R: K Means Clustering vs Community Detection Algorithms (Weighted Correlation Network) - Have I overcomplicated this question?
Asked Answered
C

3

6

I have data that looks like this: https://i.stack.imgur.com/HmpRl.jpg

The first dataset is a standard format dataset which contains a list of people and their financial properties.

The second dataset contains "relationships" between these people - how much they paid to each other, and how much they owe each other.

I am interested learning more about network and graph based clustering - but I am trying to better understand what type of situations require network based clustering, i.e.

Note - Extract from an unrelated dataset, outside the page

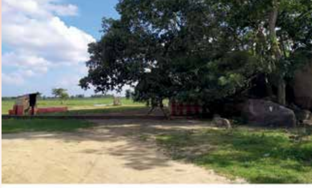
நாதனை விக்கைட்டிப் பங்கு கிடம்பெற்றுவந்த நாதனை நாச்சியார் கல்வடி பிள்ளையார் கோயில், வெல்லாவெளி.

கி.மு 300 நூற்றாண்டுகளுக்கு முன் வாழ்ந்த தமிழர் கிராமத்தில் குடி கொண்டு ஆதி சிவன் கோயில் வெல்லாவெளி கோயில்தீவு சிவன் கோயில்

I don't want to use graph clustering where its not required (avoid a "square peg round hole" type situation).

Using R, first I created some fake data:

library(corrr)
 library(dplyr) 
library(igraph) 
library(visNetwork)
 library(stats)

# create first data set

Personal_Information <- data.frame(

"name" = c("John", "Jack", "Jason", "Jim", "Julian", "Jack", "Jake", "Joseph"),

"age" = c("41","33","24","66","21","66","29", "50"),

"salary" = c("50000","20000","18000","66000","77000","0","55000","40000"),

"debt" = c("10000","5000","4000","0","20000","5000","0","1000"

)


Personal_Information$age = as.numeric(Personal_Information$age)
Personal_Information$salary = as.numeric(Personal_Information$salary)
Personal_Information$debt = as.numeric(Personal_Information$debt)
create second data set
Relationship_Information <-data.frame(

"name_a" = c("John","John","John","Jack","Jack","Jack","Jason","Jason","Jim","Jim","Jim","Julian","Jake","Joseph","Joseph"),
"name_b" = c("Jack", "Jason", "Joseph", "John", "Julian","Jim","Jim", "Joseph", "Jack", "Julian", "John", "Joseph", "John", "Jim", "John"),
"how_much_they_owe_each_other" = c("10000","20000","60000","10000","40000","8000","0","50000","6000","2000","10000","10000","50000","12000","0"),
"how_much_they_paid_each_other" = c("5000","40000","120000","20000","20000","8000","0","20000","12000","0","0","0","50000","0","0")
)

Relationship_Information$how_much_they_owe_each_other = as.numeric(Relationship_Information$how_much_they_owe_each_other)
Relationship_Information$how_much_they_paid_each_other = as.numeric(Relationship_Information$how_much_they_paid_each_other)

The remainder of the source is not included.